After the success of Robert Icke’s Oresteia and 1984, it’s no wonder that the anticipation around the Almeida’s latest classic adaptation, of Chekhov’s Uncle Vanya, has been high. It is a slick, seemingly simple production that Icke has given time to breathe for moments like lighting candles, pouring wine, cutting cheese and catching raindrops. But it is the human conflicts between these spaces of time that make it magical.

The title character – nominated by the diminutive John or Johnny throughout this adaptation (provoking academic debate in the comments section here) – is a rusty, middle-aged man whose country life has been one of toil and monotony, alongside his niece Sonia. Played by Paul Rhys, he and the play’s other country characters converse as lights come up on a raised box set, which turns on a slow revolve. It’s an ingenious way to allow the naturalism to look natural, while allowing the audience to see the cast at all angles. The muted tones, pine boards and minimalist furniture would filter well in an East London Instagram.

The tea’s been ready for two hours, which Nanny (Ann Queensberry) is very upset about, when the city folk finally arrive back from their walk. The old professor Alexander (Hilton McRae) and his young second wife Elena (Vanessa Kirby) arrive in a bright but disruptive affront to country rhythms, alongside the professor’s daughter Sonia and a local, volatile but well-meaning landowner, Cartwright. The accruing conflicts that are pursued – of love and money and pent-up tradition – are mesmerising.

Life is boring, says the doctor Michael (Tobias Menzies), who’s arrived to treat the professor’s gout. Furthermore, life is sordid, full of conflict and blunt. Icke’s version is, as this instance indicates, very English. I almost expect the “something stronger” that Nanny offers the Doctor to be whisky, instead of the vodka that she procures.

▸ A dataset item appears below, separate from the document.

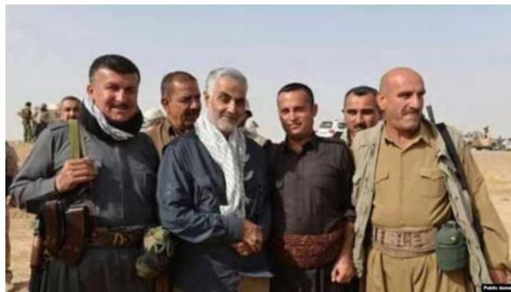
قاسم سلیمانی فرمانده نیروی قدس سپاه در میان نیروهای عراقی

حکومت اسلامی ایران با تمام قوا از ائتلاف شیعی حاکم به ساختار فرقه‌گرای حکومت عراق یاری رسانده است. به‌علاوه، نظام سیاسی ایران با ایجاد و تقویت و گسترش شبه‌نظامیان شیعی در عراق، زمینه نفوذ خود در این کشور را فراهم آورده که خود یکی از عوامل بی‌ثباتی و ناکارآمدی در عراق است. این نیروها در بسیاری موارد به دستگیری شهروندان عراقی و ترور دست می‌زنند.

The Russian-ness has been absorbed into an English sense of self-conscious boredom and comic dissatisfaction with living, which arrests Elena in particular, to the extent that she declares it a quality that unites her and John.

Despite this confession of dullness, she knows that her presence is arresting, vivacious and brilliant amongst the understated rural affairs she finds herself in. This couldn’t be more true than when she makes her first entrance, from the walk in the woods, in an elegant, sunshine-yellow jumpsuit with culotte-style bottoms and a summery cross-back top – paired with wellies, of course. Kirby achieves greatness in this role, especially in her balancing of innocence and morality with passion and knowledge.

At its most basic, this Uncle Vanya is about the frictions and incompatibilities between the high-minded inactivity and fashionable boldness of the city, and the rural flow of work and effort in sync with nature. But Icke’s play finds hilarity and reason to laugh in its darkest moments. That can be the only reason that the four acts, each separated by an artistically wondrous but practically nightmarish ten-minute interval, are palatable. At one point, Nanny brings a live hen on stage. Cartwright spins out a tuneful folk-pop air on his acoustic guitar and breaks off to tune up at comical moments in the conversation. Menzies performs an outlandish drunk dance wearing only his pants. And there’s a particularly good joke about the temperature of tea.

Susan Wooldridge seems strange and out of place in her matriarchal role as Maria, acting oddly with her son John, and barely interacting at all with the happenings around her. Lumsden’s shoutiness, as he calls out his sufferings, are sometimes funny but at times too much. These, though, are the only hiccups in a practically perfect and complexly entertaining production.